Thank you all for the detailed responses! Great group of people willing to actually put time in to help me and I appreciate very much.

I think I may take a handful of lessons to get a stronger foundation as one person advised. Hopefully after 2-3 hrs of classes Ill have enough to pickup a keyboard and start learning on my own.



Nate Miller said:


> one thing I have to say...when I was a young sprog just learning to play we did not have YouTube and the Internet.
> 
> my young cousin started playing just watching You Tube instructional videos, and 2 years later at age 15 I have him coming to jam sessions with me and he's playing with me and my buddy Mike who is one of the best drummers in town
> 
> granted we are talking rock and roll, but to go from scratch with no lessons to playing sessions with adult pro players is impressive, so You Tube can take the place of rudimentary lessons up to a point
> 
> the thing is that you have to be very aware and very self critical when you are teaching yourself.

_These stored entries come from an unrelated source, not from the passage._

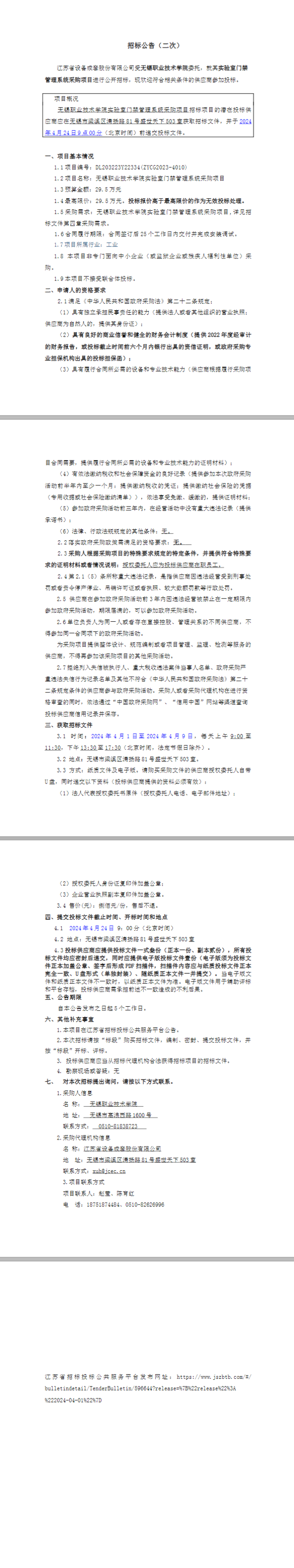 无锡职业技术学院实验室门禁管理系统采购项目招标公告(二次)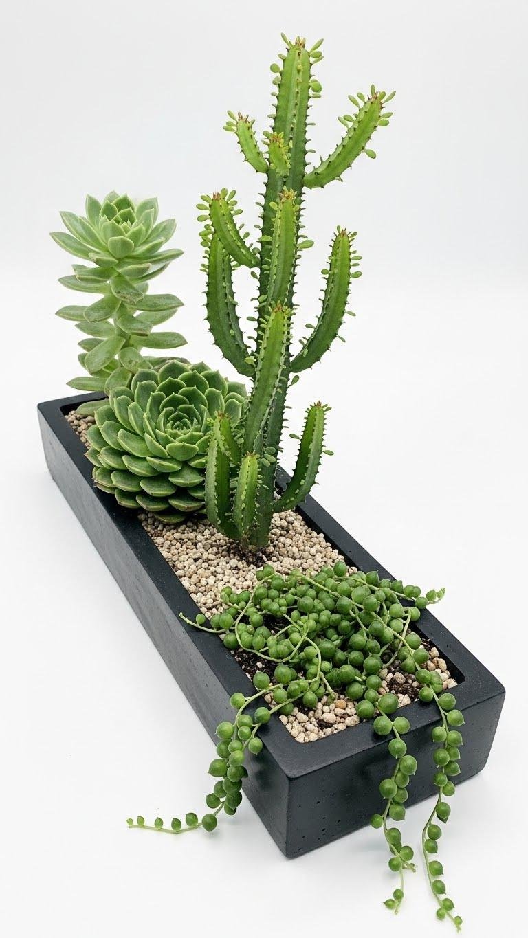 Though you’ll aim for balance, let the trio feel slightly off-kilter: place three distinct succulents in a long tray so their heights, textures, and spacing read as intentional asymmetry.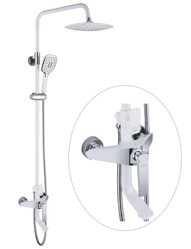 Душевая система Rose R1336F, белый/хром.Монтаж: настенный.Стилистика дизайна: современный стиль.Управление: рычажное.Размер верхнего душа: 26x20.Форма верхнего душа: прямоугольная.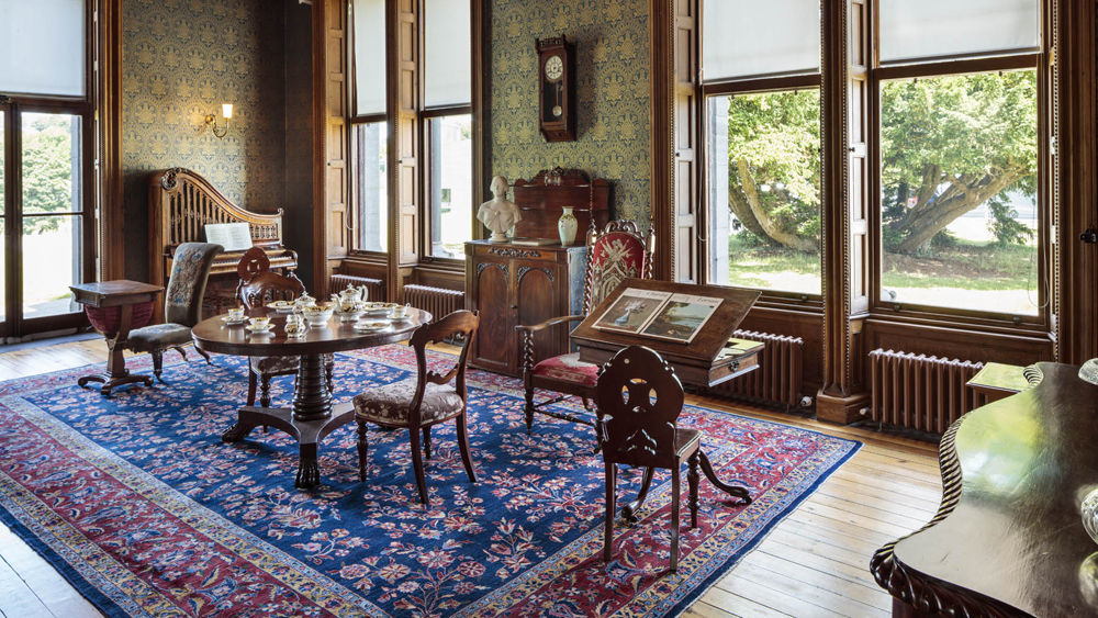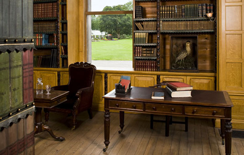 While the library was used mostly for recreation and study, the room was also where tenant farmers paid their quarterly rents to their landlord, the Fitzgerald family. The agent, seated facing the glass doors where the tenants entered, would note the payment in his rent book and issue the tenant with a receipt. It is said that the landlord sometimes sat behind the concealed door to hear what the tenants had to say without being observed.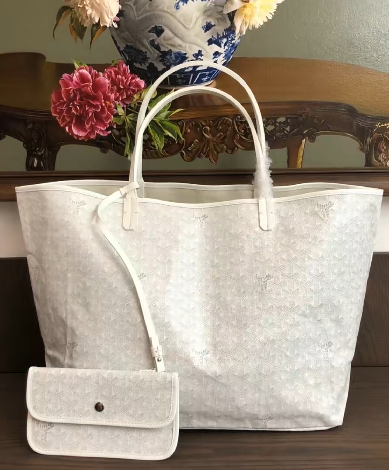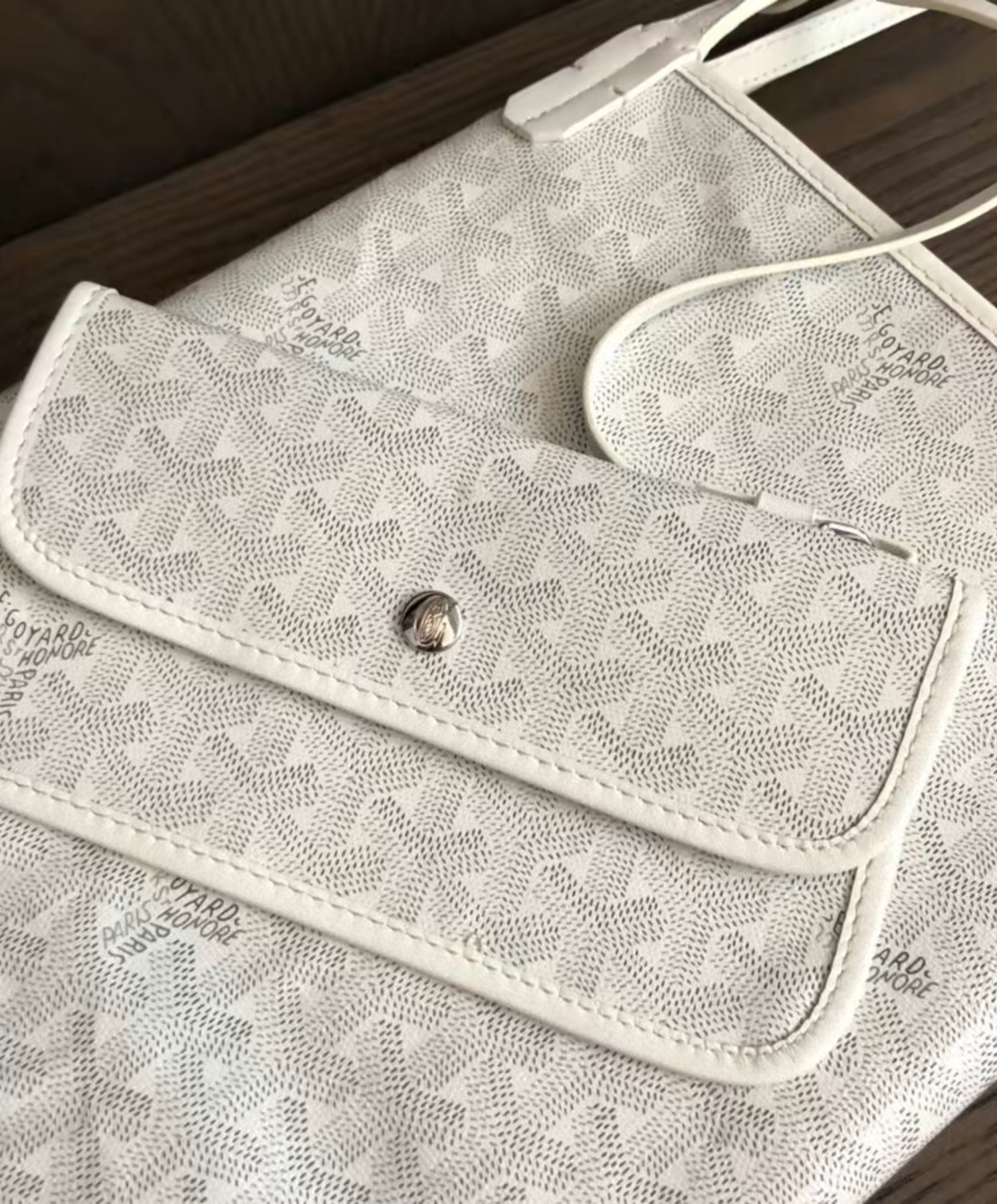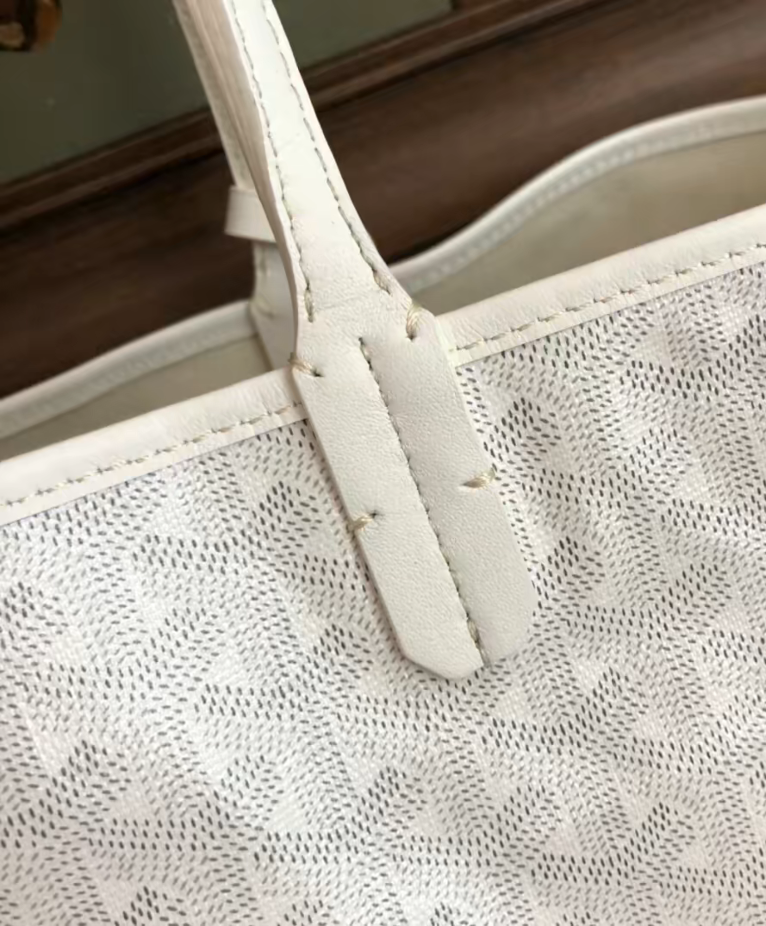 The Saint Louis GM bag is made from Goyardine and is unlined. It is extremely light and completely reversible. Wear it showing the Goyardine fabric or inside out, showing the linen and cotton mix. Its two leather handles with their progressive thickness mean it can be worn in different ways. It has a removable inside pocket attached to one of the handles for quick and easy access.

Teachers are there to teach you new stuff, but also to correct and point out details that you are missing.
> 
> so after all that, I'm not sure where I stand on this subject anymore


This was my main reason for considering it. The internet (though it has some cons) is absolutely amazing if used right. I am able to get so much information and have been learning the last few days some basics just off Youtube and some articles.

Someone wont be able to become an astrophysicist thru the internet but someone can become VERY knowledgably about space and the wonders of the universe with enough time and planning. I figured it would be something similar trying to learn anything including a piano.

Please though everyone, continue posting your advice and experience as Im very curious to learn.


----------